▶ [WHAT THE TASK ASKS] An image-free, verbatim transcription of the records is the expected result.

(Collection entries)
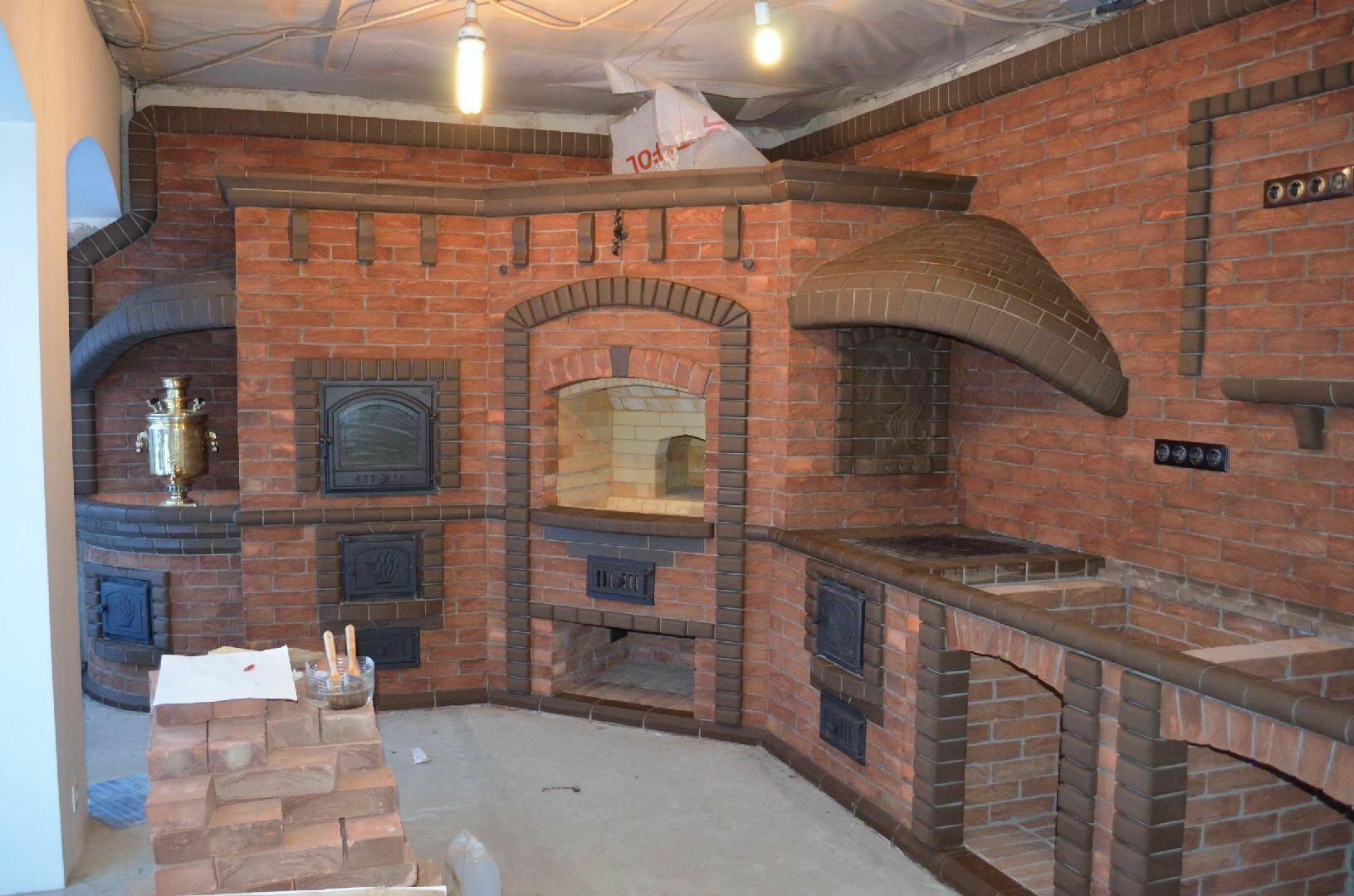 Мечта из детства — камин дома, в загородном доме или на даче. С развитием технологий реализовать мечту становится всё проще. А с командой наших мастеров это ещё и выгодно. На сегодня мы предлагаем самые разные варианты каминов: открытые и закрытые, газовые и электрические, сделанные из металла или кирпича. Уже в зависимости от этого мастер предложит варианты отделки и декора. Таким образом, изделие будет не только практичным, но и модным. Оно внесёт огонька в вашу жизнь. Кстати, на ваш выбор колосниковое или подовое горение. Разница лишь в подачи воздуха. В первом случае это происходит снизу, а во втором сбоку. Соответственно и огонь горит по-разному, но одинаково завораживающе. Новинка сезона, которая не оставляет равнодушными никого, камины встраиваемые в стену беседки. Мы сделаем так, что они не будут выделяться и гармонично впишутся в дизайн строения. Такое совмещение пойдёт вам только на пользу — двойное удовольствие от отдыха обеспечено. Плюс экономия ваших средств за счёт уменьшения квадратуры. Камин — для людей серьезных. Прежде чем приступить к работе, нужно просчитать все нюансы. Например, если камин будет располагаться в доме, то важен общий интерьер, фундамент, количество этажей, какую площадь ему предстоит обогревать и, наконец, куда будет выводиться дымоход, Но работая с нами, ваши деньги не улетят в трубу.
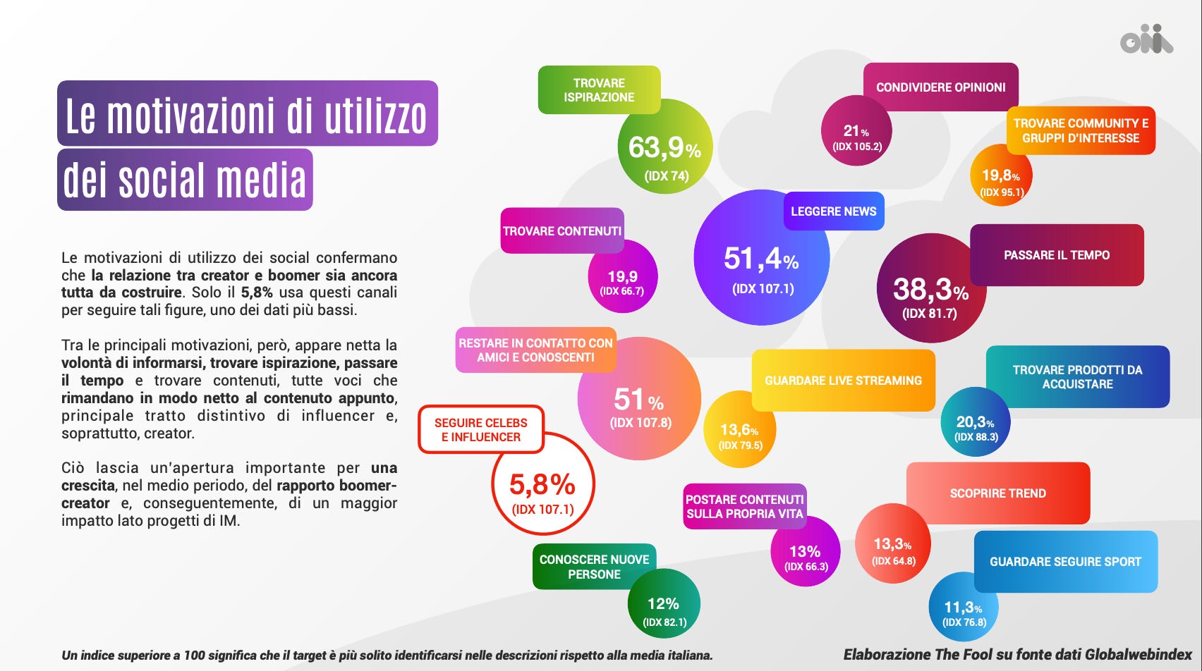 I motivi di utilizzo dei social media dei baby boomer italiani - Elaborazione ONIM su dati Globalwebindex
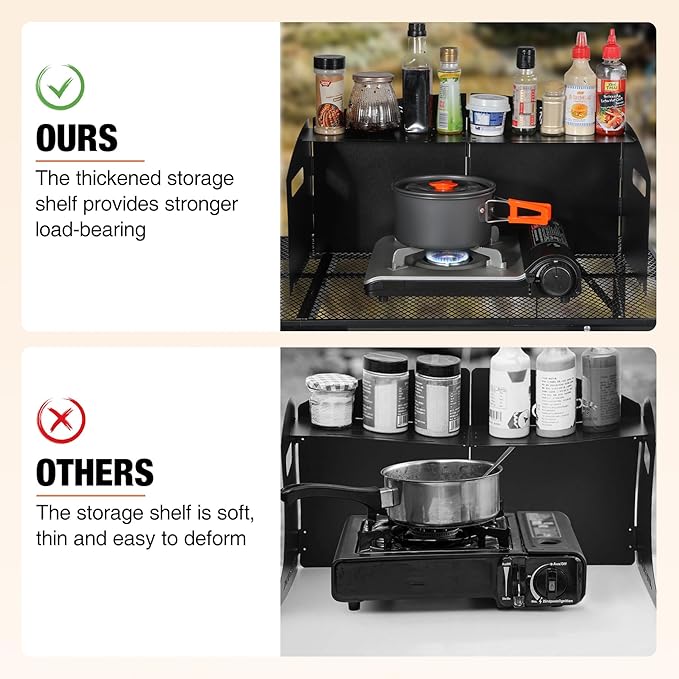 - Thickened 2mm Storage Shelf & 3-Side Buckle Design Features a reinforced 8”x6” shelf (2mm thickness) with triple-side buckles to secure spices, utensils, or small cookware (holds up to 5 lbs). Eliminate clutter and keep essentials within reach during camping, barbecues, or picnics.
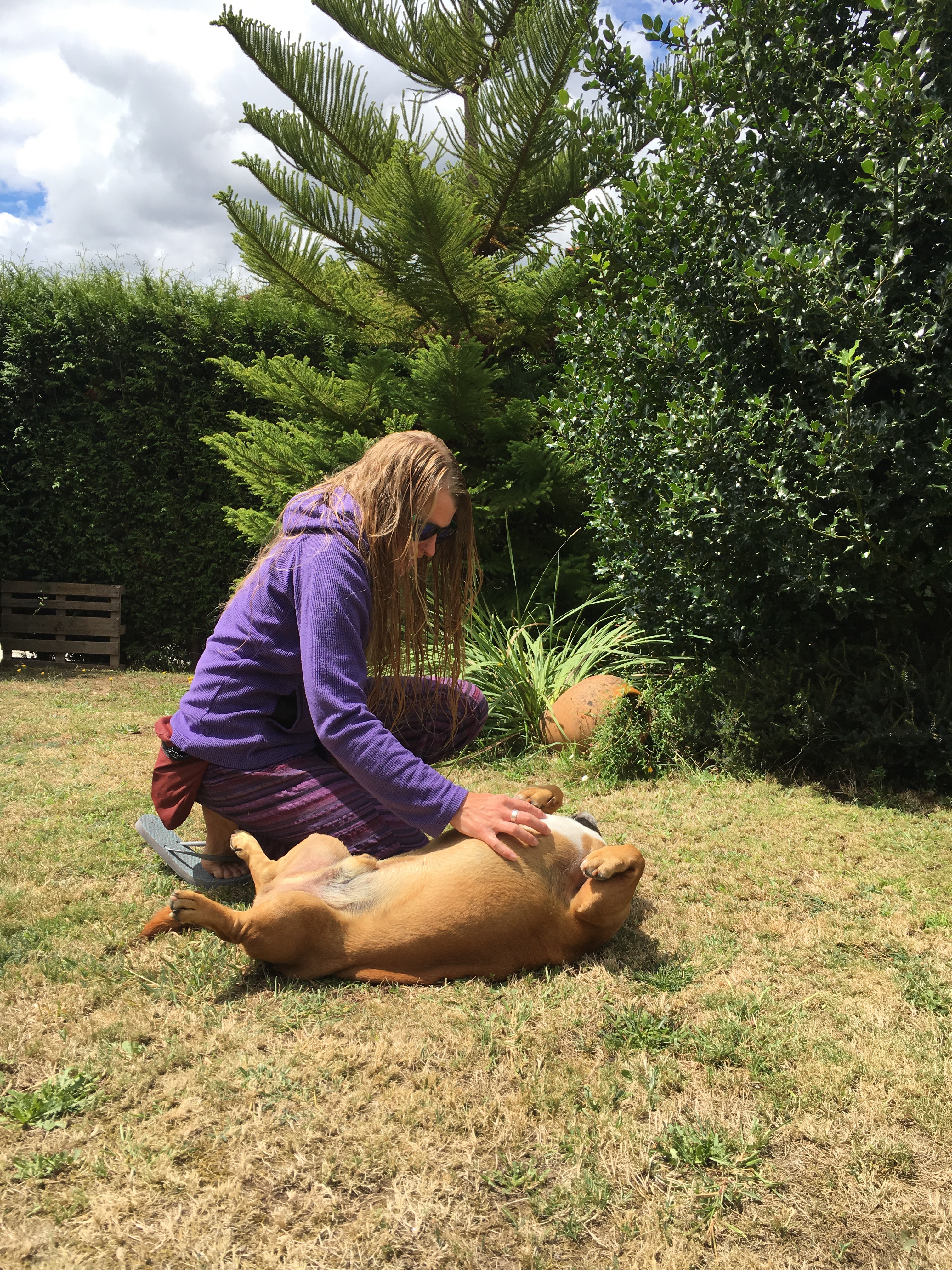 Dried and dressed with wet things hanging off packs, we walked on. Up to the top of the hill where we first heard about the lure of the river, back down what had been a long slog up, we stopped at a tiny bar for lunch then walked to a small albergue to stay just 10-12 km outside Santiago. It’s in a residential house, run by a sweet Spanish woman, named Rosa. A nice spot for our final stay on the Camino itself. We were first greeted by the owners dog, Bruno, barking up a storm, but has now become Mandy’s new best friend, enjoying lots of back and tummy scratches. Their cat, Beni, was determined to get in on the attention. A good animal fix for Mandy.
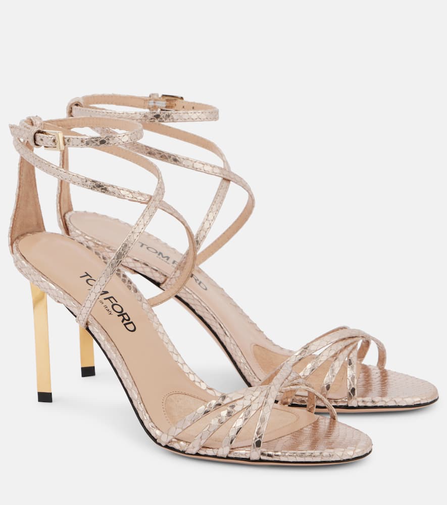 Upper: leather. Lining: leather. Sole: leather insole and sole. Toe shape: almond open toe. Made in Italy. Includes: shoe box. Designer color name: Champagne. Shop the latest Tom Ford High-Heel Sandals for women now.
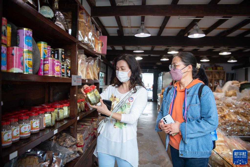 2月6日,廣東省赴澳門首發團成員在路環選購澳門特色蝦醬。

▶ [WRITTEN REPLY]
 Мечта из детства — камин дома, в загородном доме или на даче. С развитием технологий реализовать мечту становится всё проще. А с командой наших мастеров это ещё и выгодно. На сегодня мы предлагаем самые разные варианты каминов: открытые и закрытые, газовые и электрические, сделанные из металла или кирпича. Уже в зависимости от этого мастер предложит варианты отделки и декора. Таким образом, изделие будет не только практичным, но и модным. Оно внесёт огонька в вашу жизнь. Кстати, на ваш выбор колосниковое или подовое горение. Разница лишь в подачи воздуха. В первом случае это происходит снизу, а во втором сбоку. Соответственно и огонь горит по-разному, но одинаково завораживающе. Новинка сезона, которая не оставляет равнодушными никого, камины встраиваемые в стену беседки. Мы сделаем так, что они не будут выделяться и гармонично впишутся в дизайн строения. Такое совмещение пойдёт вам только на пользу — двойное удовольствие от отдыха обеспечено. Плюс экономия ваших средств за счёт уменьшения квадратуры. Камин — для людей серьезных. Прежде чем приступить к работе, нужно просчитать все нюансы. Например, если камин будет располагаться в доме, то важен общий интерьер, фундамент, количество этажей, какую площадь ему предстоит обогревать и, наконец, куда будет выводиться дымоход, Но работая с нами, ваши деньги не улетят в трубу.
 I motivi di utilizzo dei social media dei baby boomer italiani - Elaborazione ONIM su dati Globalwebindex
 - Thickened 2mm Storage Shelf & 3-Side Buckle Design Features a reinforced 8”x6” shelf (2mm thickness) with triple-side buckles to secure spices, utensils, or small cookware (holds up to 5 lbs). Eliminate clutter and keep essentials within reach during camping, barbecues, or picnics.
 Dried and dressed with wet things hanging off packs, we walked on. Up to the top of the hill where we first heard about the lure of the river, back down what had been a long slog up, we stopped at a tiny bar for lunch then walked to a small albergue to stay just 10-12 km outside Santiago. It’s in a residential house, run by a sweet Spanish woman, named Rosa. A nice spot for our final stay on the Camino itself. We were first greeted by the owners dog, Bruno, barking up a storm, but has now become Mandy’s new best friend, enjoying lots of back and tummy scratches. Their cat, Beni, was determined to get in on the attention. A good animal fix for Mandy.
 Upper: leather. Lining: leather. Sole: leather insole and sole. Toe shape: almond open toe. Made in Italy. Includes: shoe box. Designer color name: Champagne. Shop the latest Tom Ford High-Heel Sandals for women now.
 2月6日,廣東省赴澳門首發團成員在路環選購澳門特色蝦醬。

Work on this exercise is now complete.